Yea u are right we do still have sex and whenever we have it its amazing!! i just want it a little more then once a week or every 2 weeks like we used to do it maybe he just got in the ''comfort-zone'' i really dont know!


----------



## Ooogles

Want your husband to stop watching less porn? Do the female equivalent. Get yourself this electric vibrator. -> YouTube - The Hitachi Magic Wand: a study in "guh, wow!" 
Yeah that's right, I said electric, up all the time whenever you need it, no batteries. Commit to using it often. It will make him jealous and make you feel like a million bucks. I would highly recommend the blue attachment.


----------



## Syrum

Studies have been done that show that porn is very addictive and becoming a huge problem in a lot of marriages. Many men become so addicted that they cannot have real sex without thinking of porn or cannot get off without it.

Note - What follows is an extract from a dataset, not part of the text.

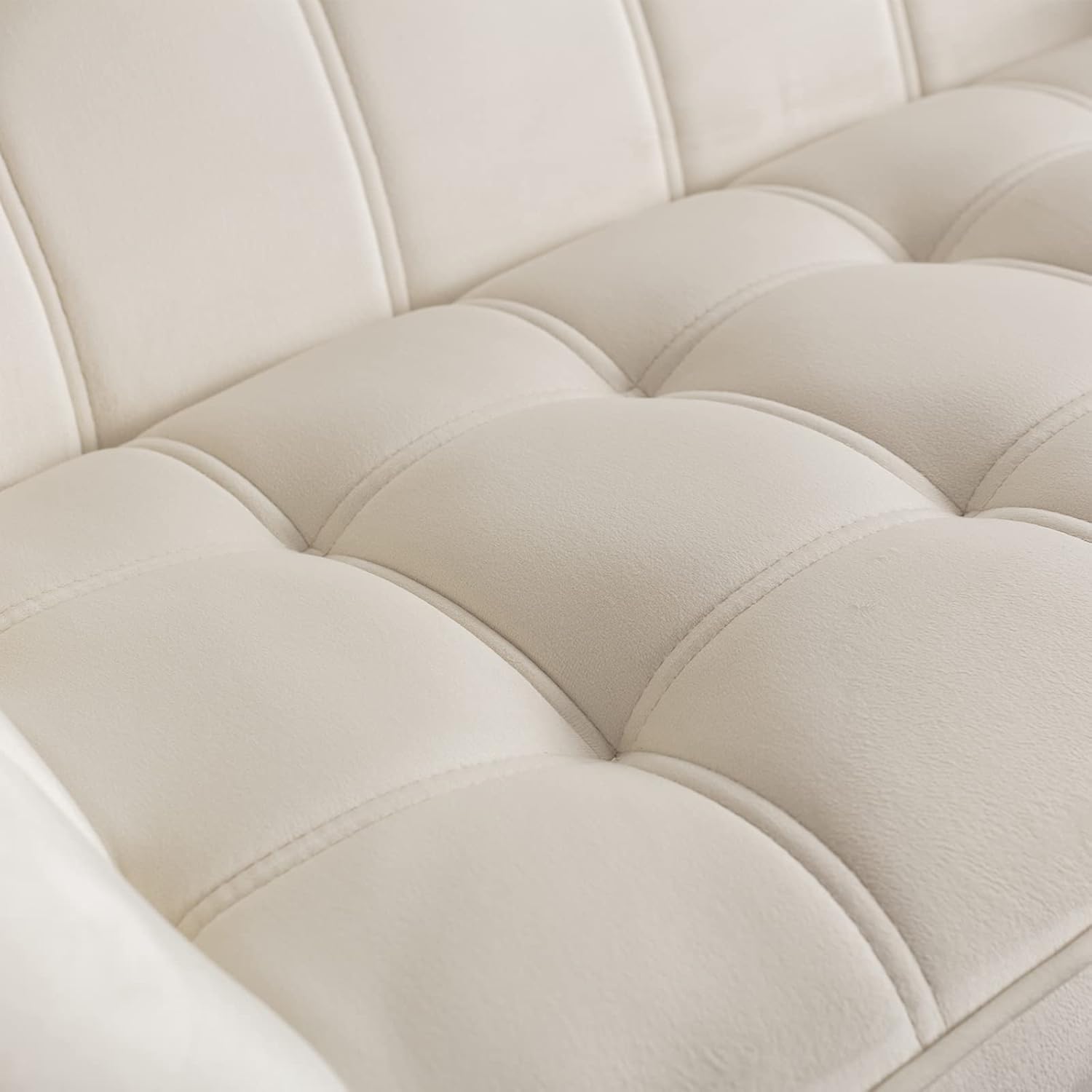 48" Small Loveseat for Small Spaces, Modern Sherpa Mini Sofa Couch 2-Seater Velvet Love Seat with Quilting Back and Gold Legs for Living Room/Bedroom, Cream

If he cannot give up the porn then he is addicted and needs help, if he will not get help with you then you know where his priorities lie.

porn is a poor substitute for real sex, it makes men bad in bed, because they watch women faking sex and doing things they wouldn't normally do, and expect the women in their life to be like the women in porn. Or they often compare the women they are with to the women in porn. 

Porn widens the gap in relationships and often makes real sex bad. the suggestion of watching porn with him is a bad one and does nothing to increase the sexual connection between couples.

I hope he gets help and realises that real sex with real women, beats porn any time, before he loses you.


----------



## woodstock

SOunds like a man with a healthy sex drive, but a fear of intamacy. A head case of sorts. Either there is something in the porn that is getting him off that is not done in bed... or he has developed a fear of the emotional connection that occurs with the real thing. In the Army? Perhaps there is something in his experience there? Has he lost intamacy outside of sex? Emotionally distant?


----------



## AgentD

Viewing porn from time to time is fine, but those who watch it alot or are preferring it over their wife, thats usually and indication they are avoiding other issues in the relationship. Its their escape from reality. Its ok to escape from time to time as long as you come back to reality and deal with things. When you don't deal with whatever is going on in your life and porn is the replacement for that, then you have a real problem. So many people who rather not deal with any issues period. Turning to porn ALL the time though just creates more problems.


----------



## SoCalKat

I only watch it during "alone time" from time to time. I can still have "alone time" and please my wife the same day. I'd much rather have sex with her, but she's not always up for it. 

Sometimes a guy just needs the release. As long as that doesn't interfere with his sex life with his wife, no problem. My wife and I have gone on vacation and done it multiple times per day for a whole week.

Sounds like your man has a problem...


----------



## Justawoman

Hello me and my husband have been married for 2 years we have been living together for 5 years he too is in the army. I had the same problem with my husband not wanting sex and watching porn instead and i of course wanted more and it was so irritating and frustrating that i couldn't gain his interest in the bed room. When dealing with this issue i just did what he did instead of showing interest in him i too went to porn to satisfy my own needs when he felt like he was being neglected he started trying more and more to get my interest and the porn thing goes both ways now but we have a lot more sex and honestly it is a lot better than before!


----------